== Goal of the exercise ==
The word "this" appears in some lines of the listing below; report how many such lines there are, and nothing else.

== Input records ==

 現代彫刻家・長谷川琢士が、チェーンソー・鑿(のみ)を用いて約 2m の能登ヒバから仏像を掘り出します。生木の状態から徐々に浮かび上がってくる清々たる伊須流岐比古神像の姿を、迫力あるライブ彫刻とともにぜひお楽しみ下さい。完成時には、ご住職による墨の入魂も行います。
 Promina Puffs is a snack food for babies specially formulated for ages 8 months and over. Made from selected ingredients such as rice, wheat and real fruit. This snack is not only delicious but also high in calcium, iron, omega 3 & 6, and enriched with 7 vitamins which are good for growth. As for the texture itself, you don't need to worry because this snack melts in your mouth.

--

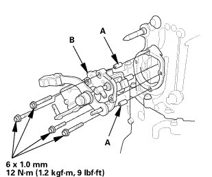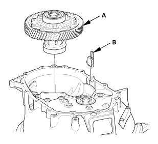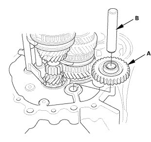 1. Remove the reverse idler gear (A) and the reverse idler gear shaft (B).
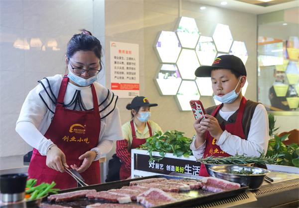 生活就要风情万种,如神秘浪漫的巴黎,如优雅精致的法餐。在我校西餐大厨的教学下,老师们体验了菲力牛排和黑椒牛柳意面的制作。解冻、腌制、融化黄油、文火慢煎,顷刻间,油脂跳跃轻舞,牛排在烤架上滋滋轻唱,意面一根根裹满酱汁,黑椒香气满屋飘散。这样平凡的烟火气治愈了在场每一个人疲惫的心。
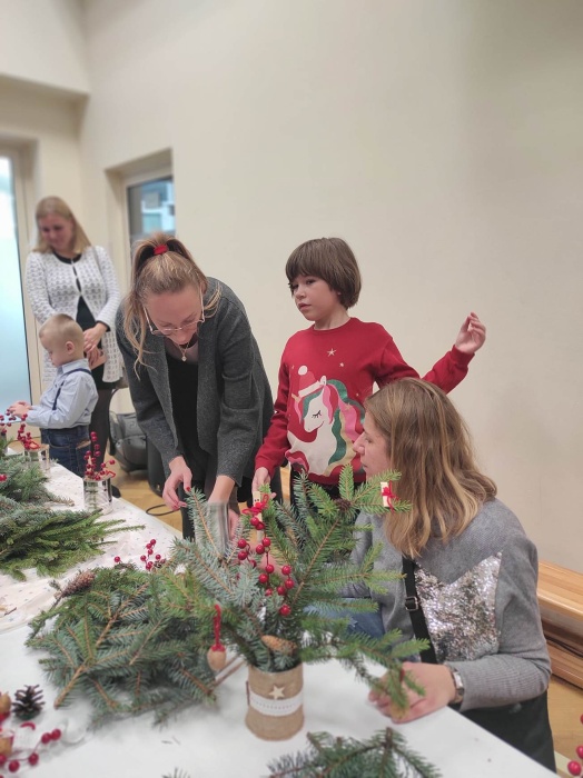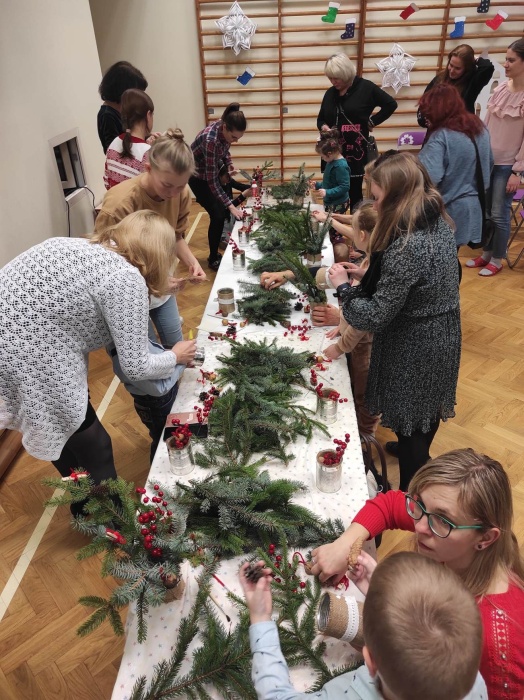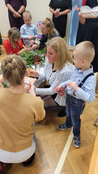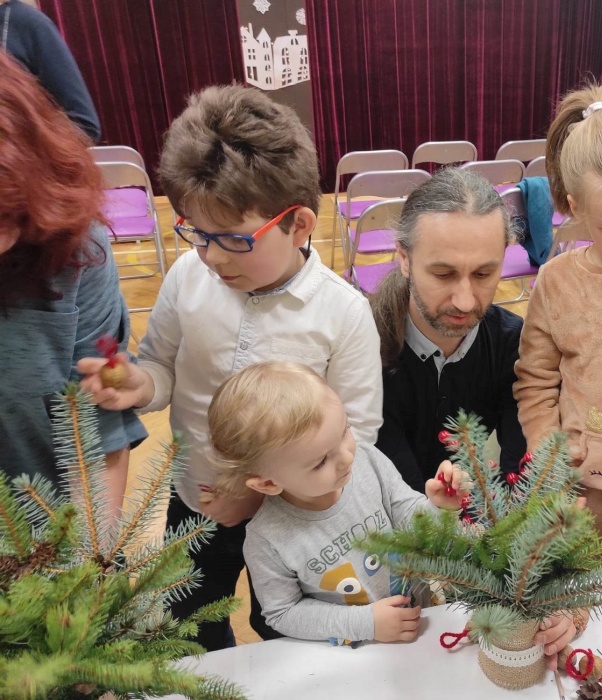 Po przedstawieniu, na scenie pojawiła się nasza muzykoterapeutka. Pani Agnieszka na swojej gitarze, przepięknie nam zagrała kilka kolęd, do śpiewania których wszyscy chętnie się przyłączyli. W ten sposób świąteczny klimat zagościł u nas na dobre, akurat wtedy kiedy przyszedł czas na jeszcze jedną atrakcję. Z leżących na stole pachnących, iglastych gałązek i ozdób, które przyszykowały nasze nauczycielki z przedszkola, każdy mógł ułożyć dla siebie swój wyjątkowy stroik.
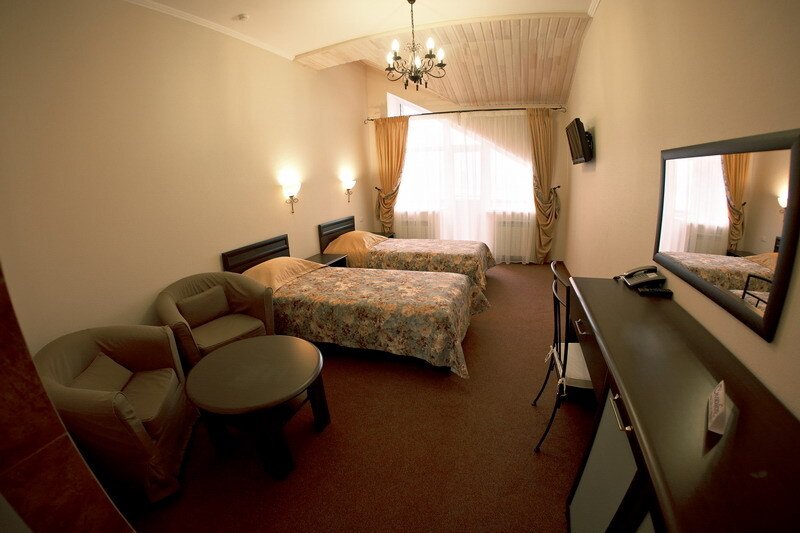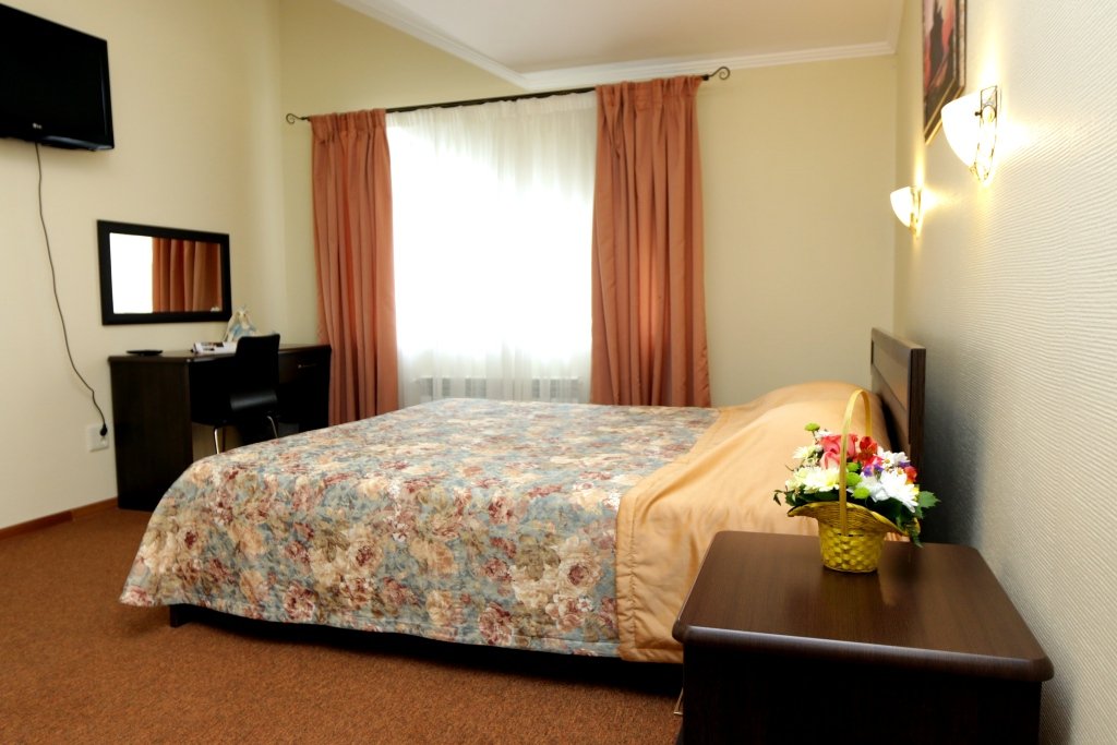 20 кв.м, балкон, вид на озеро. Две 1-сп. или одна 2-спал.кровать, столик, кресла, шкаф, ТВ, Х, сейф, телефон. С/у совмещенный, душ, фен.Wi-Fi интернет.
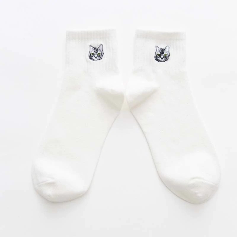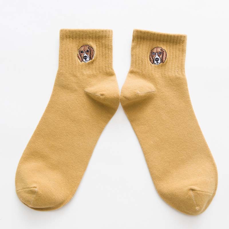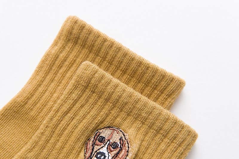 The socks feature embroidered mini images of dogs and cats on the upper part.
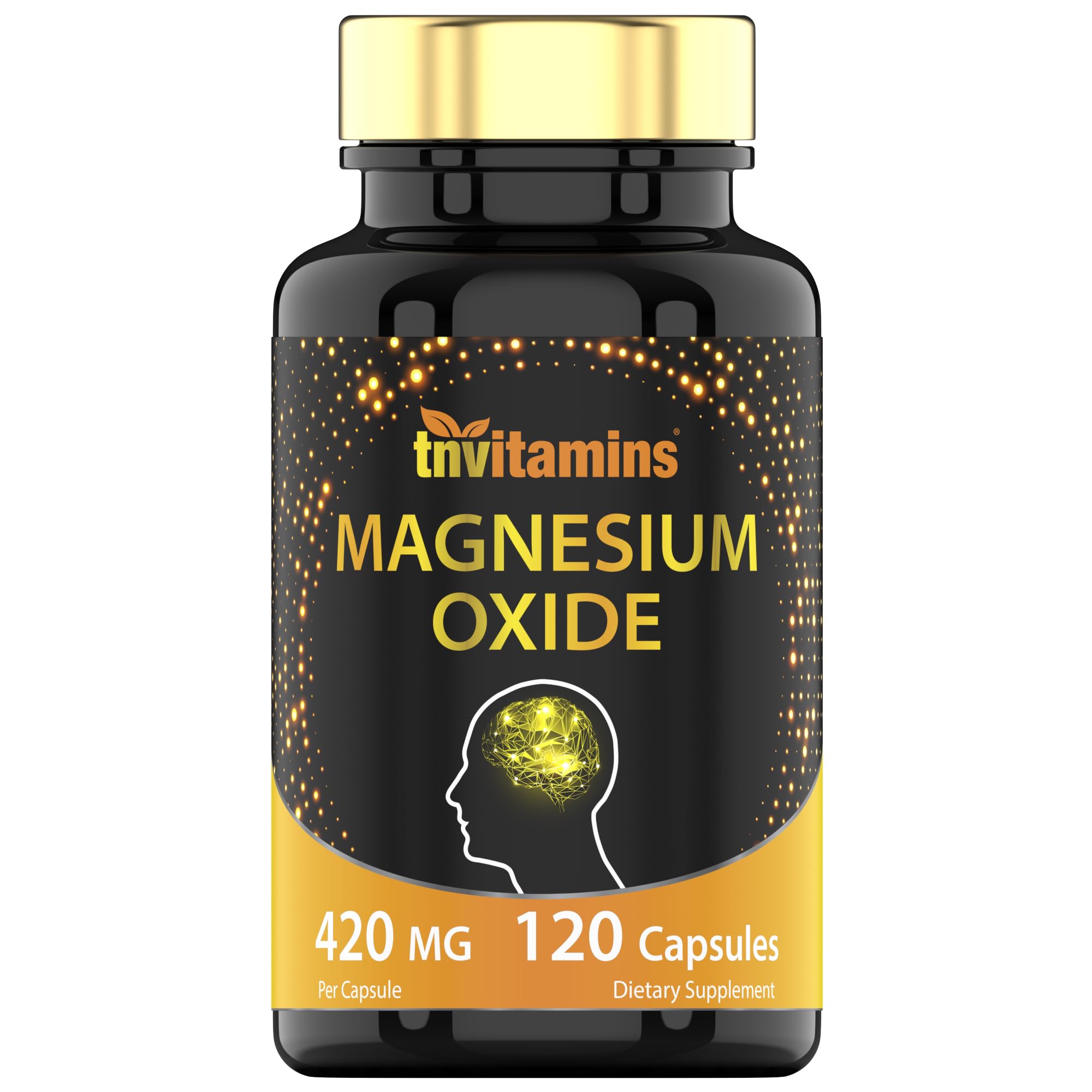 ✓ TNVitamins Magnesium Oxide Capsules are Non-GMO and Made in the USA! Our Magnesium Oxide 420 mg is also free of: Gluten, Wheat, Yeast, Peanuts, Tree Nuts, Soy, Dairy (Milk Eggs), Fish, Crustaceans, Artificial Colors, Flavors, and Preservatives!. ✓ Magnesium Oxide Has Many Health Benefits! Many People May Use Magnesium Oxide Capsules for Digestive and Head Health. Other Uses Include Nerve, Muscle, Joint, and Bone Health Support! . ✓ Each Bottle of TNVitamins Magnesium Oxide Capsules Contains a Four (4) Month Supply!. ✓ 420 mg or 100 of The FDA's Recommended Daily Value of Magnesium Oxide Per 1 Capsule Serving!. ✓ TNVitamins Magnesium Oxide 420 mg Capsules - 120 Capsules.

---

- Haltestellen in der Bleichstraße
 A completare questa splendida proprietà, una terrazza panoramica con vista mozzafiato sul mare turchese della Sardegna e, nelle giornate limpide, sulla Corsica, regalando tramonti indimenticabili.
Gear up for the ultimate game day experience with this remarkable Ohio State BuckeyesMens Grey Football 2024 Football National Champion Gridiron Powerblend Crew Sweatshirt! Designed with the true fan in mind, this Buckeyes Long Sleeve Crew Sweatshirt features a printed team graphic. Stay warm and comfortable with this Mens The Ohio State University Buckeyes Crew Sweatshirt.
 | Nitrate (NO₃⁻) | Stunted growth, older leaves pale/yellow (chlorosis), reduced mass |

== Output below ==
2